B cell phenotype in HIV and age-matched healthy control (HC). Representative gates (A) and comparisons of B cell percentages (B,C). Two tailed Mann–Whitney was used for comparisons. CD20⁺ cells established the B cell population, and expression of IgD, CD27, CD21, and CD10 was used to define total naive (CD27⁻IgD⁺), class switched CD27⁺ memory B cells (CD27⁺IgD⁻), double-negative (DN; CD27⁻IgD⁻), resting memory (RM), tissue-like (TL), activated memory (AM), and naive. FSC, forward scatter; SSC, side scatter. Contingency plot in (C) represents frequency of AM and RM in HIV and HC.

Figure 2

HIV present higher expression of genes involved in immuneactivation and inflammation in activated memory (AM) B cells despite effective antiretroviral therapy (ART) and long-term viral suppression. Graphs in panels (A,B) show comparisons in gene expression between healthy control (HC) and HIV. (A) Spider plot shows number of differentially expressed genes (DEGs) for all the subsets and total peripheral blood mononuclear cells (PBMCs). Box plots in panel (B) show gene expression averages from DEGS resulting in AM between HIV and HC (gene ranking defined by fold change). In this figure, p-values resulting from ANOVA analysis are shown.

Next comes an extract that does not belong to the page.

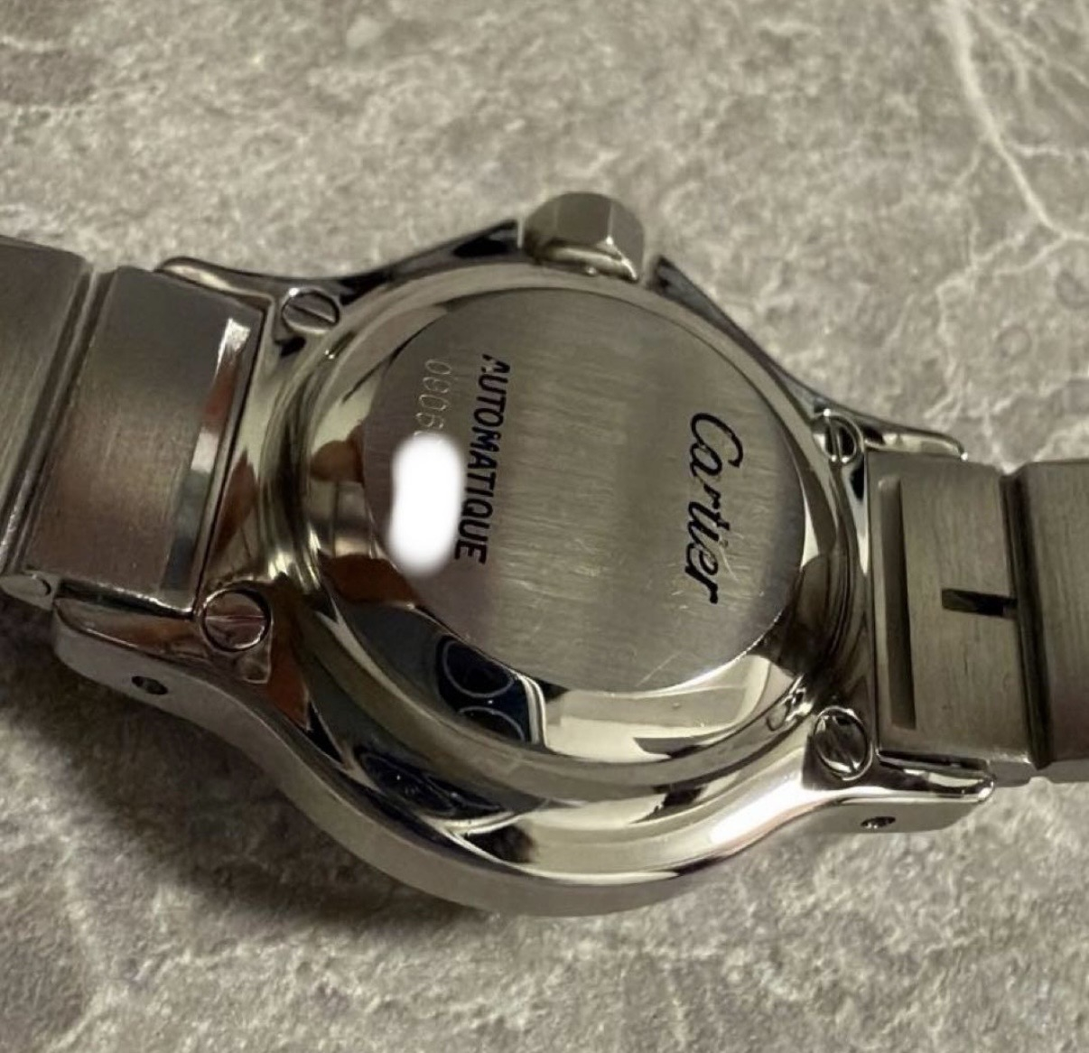 8角形のベゼルが印象的で、クラシカルなダイアル、美しいブルースチール針、スポーティさの中にカルティエらしさを感じさせる名作です。

Color-labeled genes are defined according gene set enrichment analysis (performed by genemania.org) as described in the legend.

Figure 3

H1N1 response after trivalent inactivated influenza in HIV and perturbation of the memory compartment among non-responders. (A) The flow chart describes the criteria of selection used to define responders and non-responders to trivalent-inactivated influenza vaccination (TIV) among HIV-infected children. As a first criteria of selection, all patients were selected according to the fold increase of H1N1 hemagglutination inhibition (HAI) titer. Patients responding or not responding to the first selection criteria were further selected according to H1N1 ELISpot response. Selected healthy donors responded to the vaccination and met both criteria of selection. Representative ELISpot assay (B) and scatter dot plot (C) show ELISpot data for H1N1.

Figure 4

Prevaccination gene signatures in RM B cell subset discriminate HIV-infected R and non-responder (NR). (A) Spider plot shows number of differentially expressed genes (DEGs) for all the subsets and total peripheral blood mononuclear cells (PBMCs). (B) Heatmap shows gene expression in R and NR. Colored genes’ names refer to gene set enrichment analysis (GSEA) legend. In panels (C,D), correlation between gene expression in resting memory and H1N1-seroconversion (C) and ELISpot at T1 (D) are shown. p and r values show results from correlation analyses (Pearson or Spearman tests for parametric and non-parametric data, respectively).